__EXERCISE PROMPT__: Go through the data below. Pull out every line that has the word "کاتالوگ".

__DATA SECTION__:
________________________________________

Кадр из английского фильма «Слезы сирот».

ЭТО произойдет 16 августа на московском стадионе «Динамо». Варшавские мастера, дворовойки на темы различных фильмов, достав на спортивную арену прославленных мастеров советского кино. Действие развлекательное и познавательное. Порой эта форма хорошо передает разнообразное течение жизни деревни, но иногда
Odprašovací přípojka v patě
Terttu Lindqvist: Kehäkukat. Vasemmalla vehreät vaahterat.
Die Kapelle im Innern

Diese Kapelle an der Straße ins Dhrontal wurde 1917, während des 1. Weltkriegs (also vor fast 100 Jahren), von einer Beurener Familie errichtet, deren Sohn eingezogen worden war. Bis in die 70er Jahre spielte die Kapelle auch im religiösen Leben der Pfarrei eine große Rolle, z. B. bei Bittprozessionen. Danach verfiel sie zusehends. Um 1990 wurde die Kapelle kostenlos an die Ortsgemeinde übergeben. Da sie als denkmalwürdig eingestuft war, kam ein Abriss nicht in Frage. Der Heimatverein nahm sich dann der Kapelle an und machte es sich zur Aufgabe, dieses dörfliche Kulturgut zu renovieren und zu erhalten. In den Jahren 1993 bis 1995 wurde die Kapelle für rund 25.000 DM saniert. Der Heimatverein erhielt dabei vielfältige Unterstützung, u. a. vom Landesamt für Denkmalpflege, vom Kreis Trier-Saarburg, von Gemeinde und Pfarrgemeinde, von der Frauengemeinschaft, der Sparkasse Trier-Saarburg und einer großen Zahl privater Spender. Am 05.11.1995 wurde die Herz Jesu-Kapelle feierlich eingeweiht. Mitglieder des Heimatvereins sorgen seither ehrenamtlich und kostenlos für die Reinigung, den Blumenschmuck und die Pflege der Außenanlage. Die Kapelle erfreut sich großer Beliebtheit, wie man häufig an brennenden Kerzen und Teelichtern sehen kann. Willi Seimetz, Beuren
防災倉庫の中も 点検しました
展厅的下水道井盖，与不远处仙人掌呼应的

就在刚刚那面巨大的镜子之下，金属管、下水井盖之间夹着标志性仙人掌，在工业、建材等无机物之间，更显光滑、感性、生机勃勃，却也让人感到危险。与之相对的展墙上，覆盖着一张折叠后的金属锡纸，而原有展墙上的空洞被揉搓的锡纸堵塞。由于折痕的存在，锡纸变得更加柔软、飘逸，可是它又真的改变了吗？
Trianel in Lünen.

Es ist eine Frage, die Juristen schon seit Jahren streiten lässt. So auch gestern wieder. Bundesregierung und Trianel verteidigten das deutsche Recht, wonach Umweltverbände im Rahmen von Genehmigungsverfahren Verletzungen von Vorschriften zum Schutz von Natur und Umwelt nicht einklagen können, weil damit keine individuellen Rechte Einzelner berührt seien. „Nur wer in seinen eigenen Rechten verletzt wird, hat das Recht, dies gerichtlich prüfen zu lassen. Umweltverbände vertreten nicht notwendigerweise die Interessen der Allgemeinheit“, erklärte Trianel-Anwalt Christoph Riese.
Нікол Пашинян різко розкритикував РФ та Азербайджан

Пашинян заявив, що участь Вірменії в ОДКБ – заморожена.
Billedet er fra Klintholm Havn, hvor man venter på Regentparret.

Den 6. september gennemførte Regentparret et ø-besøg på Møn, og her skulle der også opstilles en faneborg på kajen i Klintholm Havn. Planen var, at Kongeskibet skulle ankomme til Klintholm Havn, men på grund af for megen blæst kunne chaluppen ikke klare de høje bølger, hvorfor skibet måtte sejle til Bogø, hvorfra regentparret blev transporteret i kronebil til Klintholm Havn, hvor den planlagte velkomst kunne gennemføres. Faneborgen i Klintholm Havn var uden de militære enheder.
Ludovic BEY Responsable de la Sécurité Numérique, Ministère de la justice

________________________________________

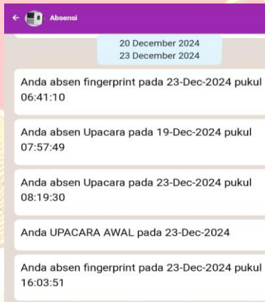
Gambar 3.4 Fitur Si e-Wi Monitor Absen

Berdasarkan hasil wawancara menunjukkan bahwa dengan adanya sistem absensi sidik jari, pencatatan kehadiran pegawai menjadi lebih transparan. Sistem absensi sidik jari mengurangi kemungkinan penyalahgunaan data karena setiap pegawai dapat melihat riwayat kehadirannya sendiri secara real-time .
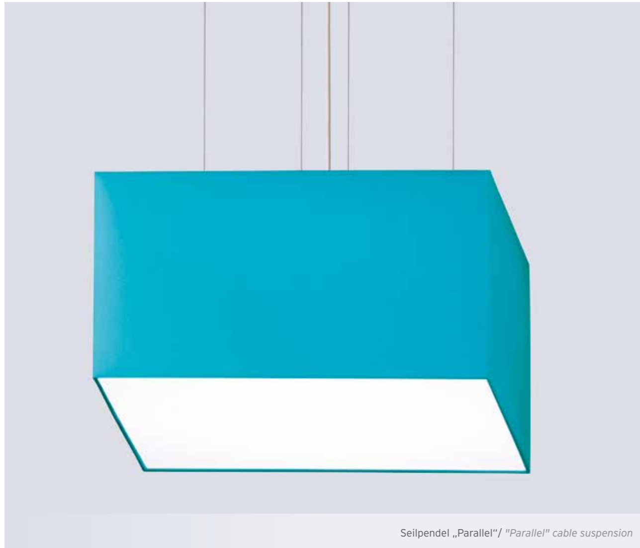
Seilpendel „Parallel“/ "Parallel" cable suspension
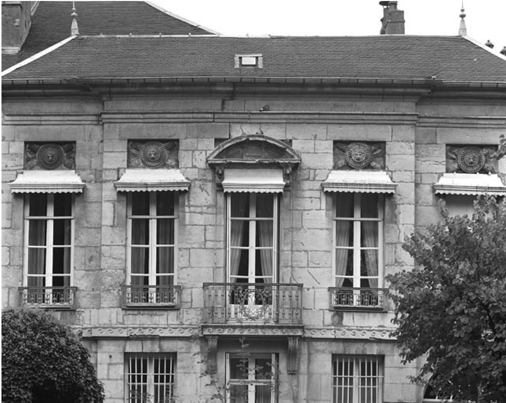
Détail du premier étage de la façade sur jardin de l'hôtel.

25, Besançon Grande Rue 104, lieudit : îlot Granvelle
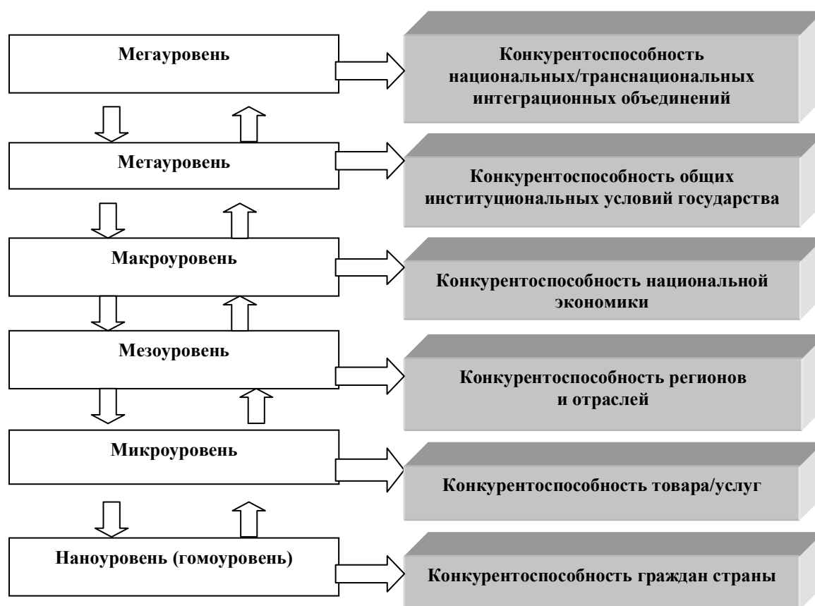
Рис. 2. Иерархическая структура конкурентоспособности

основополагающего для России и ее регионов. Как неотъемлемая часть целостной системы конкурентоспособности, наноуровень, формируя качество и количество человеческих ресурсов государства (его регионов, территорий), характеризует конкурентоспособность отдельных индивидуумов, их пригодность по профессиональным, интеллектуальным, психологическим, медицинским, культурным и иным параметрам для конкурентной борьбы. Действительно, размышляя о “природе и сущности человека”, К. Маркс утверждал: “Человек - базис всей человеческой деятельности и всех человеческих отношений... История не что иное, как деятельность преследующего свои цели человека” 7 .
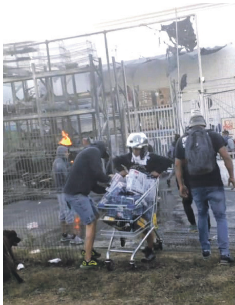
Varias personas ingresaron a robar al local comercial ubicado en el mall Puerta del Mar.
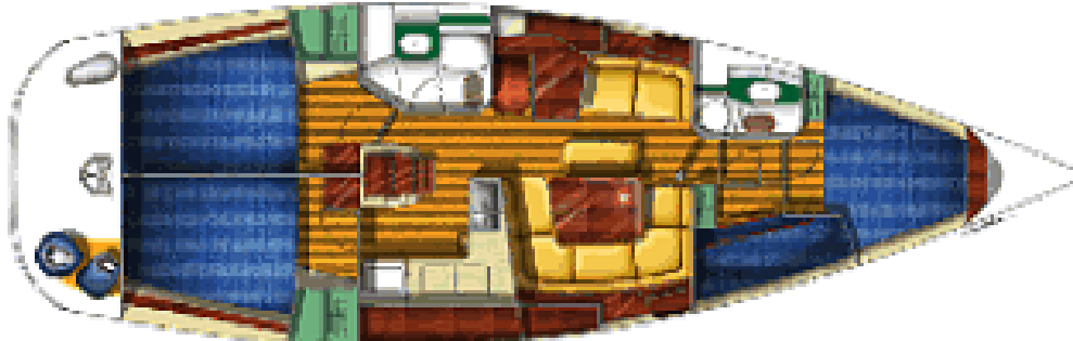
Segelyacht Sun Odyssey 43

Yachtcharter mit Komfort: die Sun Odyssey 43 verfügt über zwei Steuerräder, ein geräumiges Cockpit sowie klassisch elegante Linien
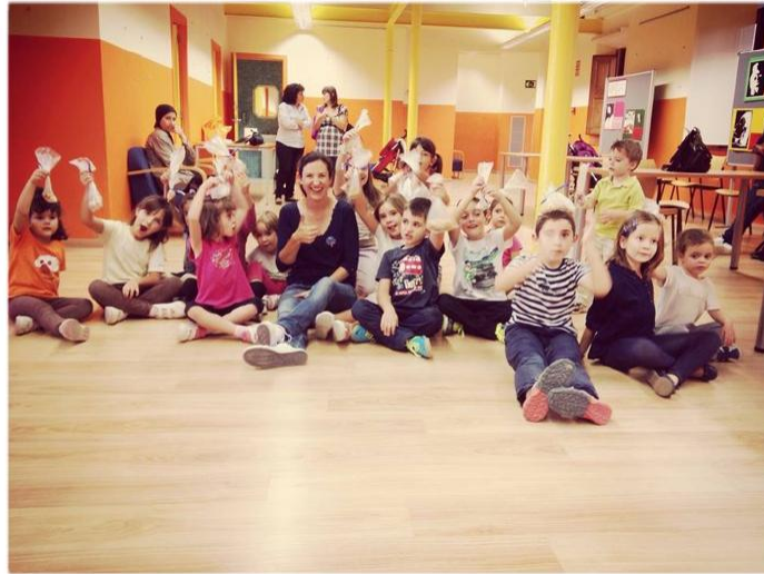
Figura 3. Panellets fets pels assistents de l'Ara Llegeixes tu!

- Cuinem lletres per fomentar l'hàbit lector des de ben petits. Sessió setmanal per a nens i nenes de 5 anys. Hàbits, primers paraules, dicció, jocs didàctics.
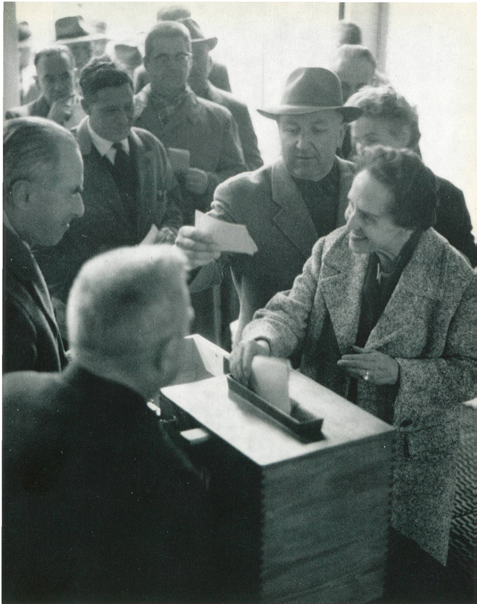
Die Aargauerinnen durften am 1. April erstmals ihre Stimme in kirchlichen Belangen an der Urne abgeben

________________________________________

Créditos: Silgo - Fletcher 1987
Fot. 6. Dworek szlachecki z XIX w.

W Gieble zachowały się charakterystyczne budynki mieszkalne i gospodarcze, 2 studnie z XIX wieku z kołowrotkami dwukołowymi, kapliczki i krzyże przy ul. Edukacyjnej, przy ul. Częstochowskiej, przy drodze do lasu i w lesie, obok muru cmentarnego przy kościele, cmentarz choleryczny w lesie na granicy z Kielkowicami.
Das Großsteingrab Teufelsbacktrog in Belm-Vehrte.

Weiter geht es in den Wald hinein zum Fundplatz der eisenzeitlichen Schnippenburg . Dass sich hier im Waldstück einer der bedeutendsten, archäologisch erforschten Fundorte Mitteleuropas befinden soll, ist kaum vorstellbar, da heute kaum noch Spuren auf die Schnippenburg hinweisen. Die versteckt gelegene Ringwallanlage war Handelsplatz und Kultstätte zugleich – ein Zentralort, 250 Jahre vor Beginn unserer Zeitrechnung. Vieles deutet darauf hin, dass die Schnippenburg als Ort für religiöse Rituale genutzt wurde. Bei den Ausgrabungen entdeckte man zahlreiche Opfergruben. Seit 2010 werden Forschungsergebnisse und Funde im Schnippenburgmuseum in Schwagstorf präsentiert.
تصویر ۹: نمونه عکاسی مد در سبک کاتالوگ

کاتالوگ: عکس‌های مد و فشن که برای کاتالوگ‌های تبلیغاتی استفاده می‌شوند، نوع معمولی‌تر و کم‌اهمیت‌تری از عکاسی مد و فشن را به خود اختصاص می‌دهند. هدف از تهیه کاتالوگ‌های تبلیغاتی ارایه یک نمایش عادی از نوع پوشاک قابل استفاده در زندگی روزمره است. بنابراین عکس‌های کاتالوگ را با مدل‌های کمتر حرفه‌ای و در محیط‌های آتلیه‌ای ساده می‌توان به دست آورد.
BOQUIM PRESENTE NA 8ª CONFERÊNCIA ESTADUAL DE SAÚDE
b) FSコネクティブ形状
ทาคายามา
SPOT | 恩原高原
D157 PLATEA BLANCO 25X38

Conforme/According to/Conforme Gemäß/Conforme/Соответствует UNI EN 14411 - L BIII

________________________________________

__RESULT OF THE EXERCISE__:
تصویر ۹: نمونه عکاسی مد در سبک کاتالوگ
کاتالوگ: عکس‌های مد و فشن که برای کاتالوگ‌های تبلیغاتی استفاده می‌شوند، نوع معمولی‌تر و کم‌اهمیت‌تری از عکاسی مد و فشن را به خود اختصاص می‌دهند. هدف از تهیه کاتالوگ‌های تبلیغاتی ارایه یک نمایش عادی از نوع پوشاک قابل استفاده در زندگی روزمره است. بنابراین عکس‌های کاتالوگ را با مدل‌های کمتر حرفه‌ای و در محیط‌های آتلیه‌ای ساده می‌توان به دست آورد.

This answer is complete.